Aim of the task — The answer should be each line from the entries below that has the word "what" in it.

Given information —

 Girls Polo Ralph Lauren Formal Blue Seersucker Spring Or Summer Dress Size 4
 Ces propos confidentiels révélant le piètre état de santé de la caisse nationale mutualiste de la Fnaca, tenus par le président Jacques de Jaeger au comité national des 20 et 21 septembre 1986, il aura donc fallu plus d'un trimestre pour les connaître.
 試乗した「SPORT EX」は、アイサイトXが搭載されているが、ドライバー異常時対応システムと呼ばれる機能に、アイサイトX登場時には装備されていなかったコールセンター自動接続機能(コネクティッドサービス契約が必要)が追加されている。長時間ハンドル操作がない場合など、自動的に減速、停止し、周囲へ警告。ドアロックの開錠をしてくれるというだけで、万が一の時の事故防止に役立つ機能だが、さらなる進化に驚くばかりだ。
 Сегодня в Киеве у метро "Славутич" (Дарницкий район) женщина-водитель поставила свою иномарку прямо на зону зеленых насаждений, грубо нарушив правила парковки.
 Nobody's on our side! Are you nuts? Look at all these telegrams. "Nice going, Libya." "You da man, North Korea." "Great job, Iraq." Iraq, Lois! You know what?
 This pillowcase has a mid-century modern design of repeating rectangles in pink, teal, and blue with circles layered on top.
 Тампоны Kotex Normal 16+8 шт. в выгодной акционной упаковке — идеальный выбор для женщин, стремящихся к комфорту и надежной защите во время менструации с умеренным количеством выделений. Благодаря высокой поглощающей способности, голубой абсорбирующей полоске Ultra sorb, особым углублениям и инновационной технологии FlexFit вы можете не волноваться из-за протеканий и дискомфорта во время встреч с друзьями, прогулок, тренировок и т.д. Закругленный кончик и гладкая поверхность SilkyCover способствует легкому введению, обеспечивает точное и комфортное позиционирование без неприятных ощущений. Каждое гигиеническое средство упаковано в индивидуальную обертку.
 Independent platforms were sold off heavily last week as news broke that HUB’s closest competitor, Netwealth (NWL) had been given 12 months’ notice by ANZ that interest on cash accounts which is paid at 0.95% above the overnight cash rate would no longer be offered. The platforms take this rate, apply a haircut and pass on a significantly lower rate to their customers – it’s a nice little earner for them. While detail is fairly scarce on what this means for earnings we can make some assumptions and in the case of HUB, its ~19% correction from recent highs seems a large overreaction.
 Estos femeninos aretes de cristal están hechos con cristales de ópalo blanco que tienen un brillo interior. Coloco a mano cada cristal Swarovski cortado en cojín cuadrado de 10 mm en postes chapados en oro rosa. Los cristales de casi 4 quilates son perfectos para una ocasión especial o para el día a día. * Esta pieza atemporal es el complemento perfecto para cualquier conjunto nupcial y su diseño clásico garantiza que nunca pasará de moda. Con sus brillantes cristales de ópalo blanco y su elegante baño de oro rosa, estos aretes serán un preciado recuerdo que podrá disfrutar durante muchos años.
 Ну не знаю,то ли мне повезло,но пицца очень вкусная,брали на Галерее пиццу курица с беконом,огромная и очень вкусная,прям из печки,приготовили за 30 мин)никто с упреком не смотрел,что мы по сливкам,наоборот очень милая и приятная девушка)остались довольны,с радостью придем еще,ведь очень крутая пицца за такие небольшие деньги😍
---
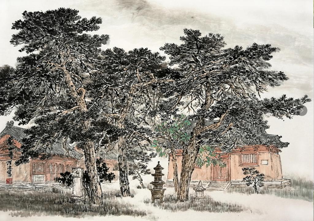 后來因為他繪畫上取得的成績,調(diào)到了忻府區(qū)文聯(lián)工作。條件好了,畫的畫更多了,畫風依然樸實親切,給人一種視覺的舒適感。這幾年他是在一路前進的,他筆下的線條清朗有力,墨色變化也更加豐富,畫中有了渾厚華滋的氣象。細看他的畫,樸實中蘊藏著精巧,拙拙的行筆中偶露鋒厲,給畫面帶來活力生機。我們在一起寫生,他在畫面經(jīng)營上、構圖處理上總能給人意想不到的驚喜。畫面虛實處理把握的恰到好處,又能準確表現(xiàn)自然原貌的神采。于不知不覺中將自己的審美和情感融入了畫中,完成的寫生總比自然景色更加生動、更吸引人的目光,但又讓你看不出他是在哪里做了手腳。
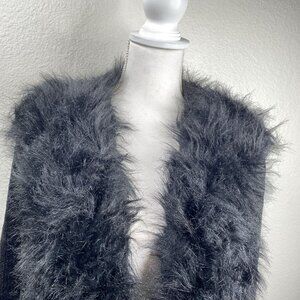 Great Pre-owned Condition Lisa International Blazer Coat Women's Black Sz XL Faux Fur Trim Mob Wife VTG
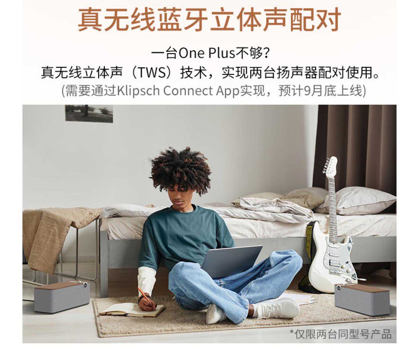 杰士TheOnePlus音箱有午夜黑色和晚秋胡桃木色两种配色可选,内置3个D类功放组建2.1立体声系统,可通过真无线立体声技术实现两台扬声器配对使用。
--
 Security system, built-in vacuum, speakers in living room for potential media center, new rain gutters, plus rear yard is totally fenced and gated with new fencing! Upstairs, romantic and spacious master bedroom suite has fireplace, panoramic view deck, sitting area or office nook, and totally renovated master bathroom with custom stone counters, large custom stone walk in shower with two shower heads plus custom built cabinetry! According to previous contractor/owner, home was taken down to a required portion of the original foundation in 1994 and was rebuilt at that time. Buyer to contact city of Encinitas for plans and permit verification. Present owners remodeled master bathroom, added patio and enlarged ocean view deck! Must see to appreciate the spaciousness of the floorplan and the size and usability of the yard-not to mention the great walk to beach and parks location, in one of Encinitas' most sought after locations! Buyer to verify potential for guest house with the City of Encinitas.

Answer space —
 Nobody's on our side! Are you nuts? Look at all these telegrams. "Nice going, Libya." "You da man, North Korea." "Great job, Iraq." Iraq, Lois! You know what?
 Independent platforms were sold off heavily last week as news broke that HUB’s closest competitor, Netwealth (NWL) had been given 12 months’ notice by ANZ that interest on cash accounts which is paid at 0.95% above the overnight cash rate would no longer be offered. The platforms take this rate, apply a haircut and pass on a significantly lower rate to their customers – it’s a nice little earner for them. While detail is fairly scarce on what this means for earnings we can make some assumptions and in the case of HUB, its ~19% correction from recent highs seems a large overreaction.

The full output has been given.